Bloomberg Intelligence estimates it could take eight years to move just 10% of Apple’s capacity outside of China. Yet GoerTek executive argues it’ll be far quicker.

Most Chinese tech manufacturers are experiencing the same pressure. “I would say currently 90% of them, they’re looking at that,” he added. “It’s the brand companies’ decisions.”

For now, Vietnam remains an attractive location. Apple may be looking to make the country a manufacturing hub for AirPods, iPads and MacBooks. AirPods orders are dominated by GoerTek and fellow Chinese firm Luxshare Precision Industry Co., which too has a complex in north Vietnam.

Many US companies are planning to shift production there, regardless of cost, Yoshinaga said. Others like Jabil Inc. are considering India. But overall, the flow is consistently going to be outward from China, he said. For more on this, read the full Bloomberg report.
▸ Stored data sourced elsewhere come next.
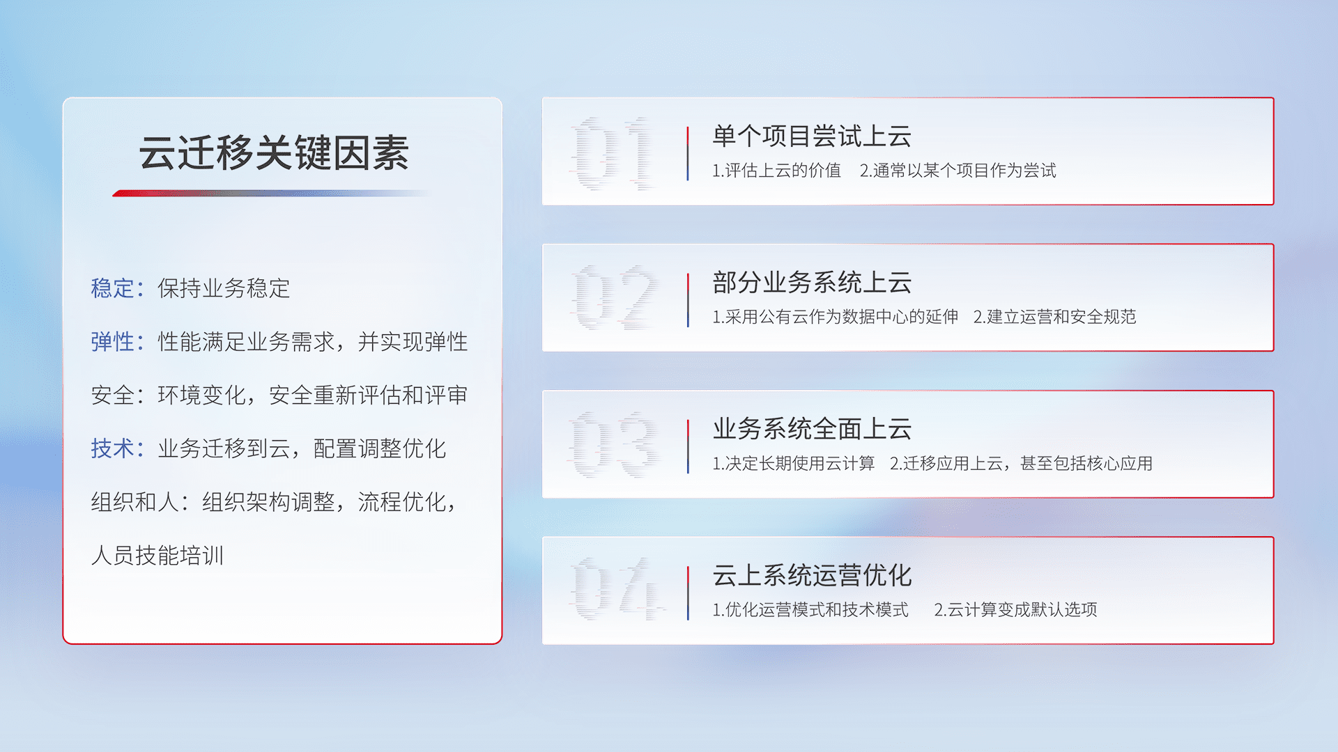 结合实际业务,,,,从规划设计、、、、云平台选型、、、、云原生改造、、、数据迁移、、、集成交付,,,迁移全过程为客户识别最佳上云路径,,做好风险识别管理,,,,设计网络架构、、、身份权限、、、、安全审计合规、、、、操作审计、、日志审计、、、、监控告警策略、、、、多站点容灾设计等,,,,对云上基础设施进行整体规划,,,提升IT治理水平,,,,以满足弹性、、高可用、、高性能的需求。。。。
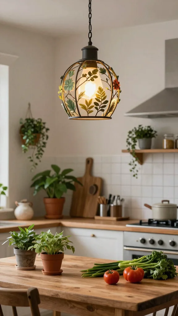 If you have a love for nature, botanical-inspired lights can bring organic design elements into your vintage kitchen. These fixtures often feature floral or leaf patterns that enhance the natural beauty of your cooking space, creating a harmonious connection to the outdoors. Choose options made from wrought iron or brass, adorned with botanical motifs for a fresh and inviting ambiance.
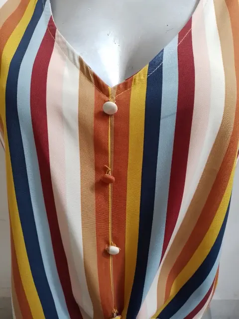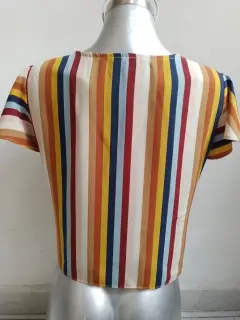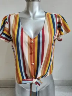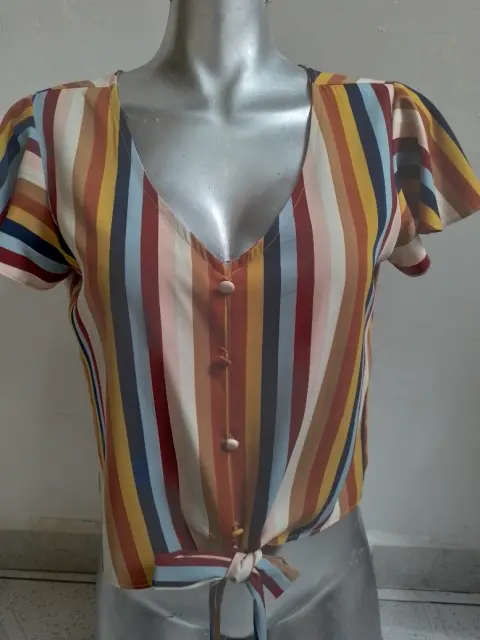 Blusa Multicolor. Linda blusa 👚 juvenil, talla chica, con cintas de amarre, rayada, multicolor poco uso, el detalle es en los botones, tiene unas puntadas, que no afecta el uso, para armar un lindo outfit

With the tension between the U.S. and China over Taiwan escalating, any attack on Taiwan would disrupt trade worldwide overnight sending U.S. companies into a panic. How could this not put pressure on Chinese companies to create new manufacturing hubs outside of China. In addition, some in the U.S. Republican party are developing a part of their platform to heavily tax China and products made in China that will escalate tensions between the two countries even further. This would would put more pressure on U.S. companies to further push their suppliers to create and expedite the creation of  new production hubs outside of China. GoerTek's CEO's point of view should be taken very seriously.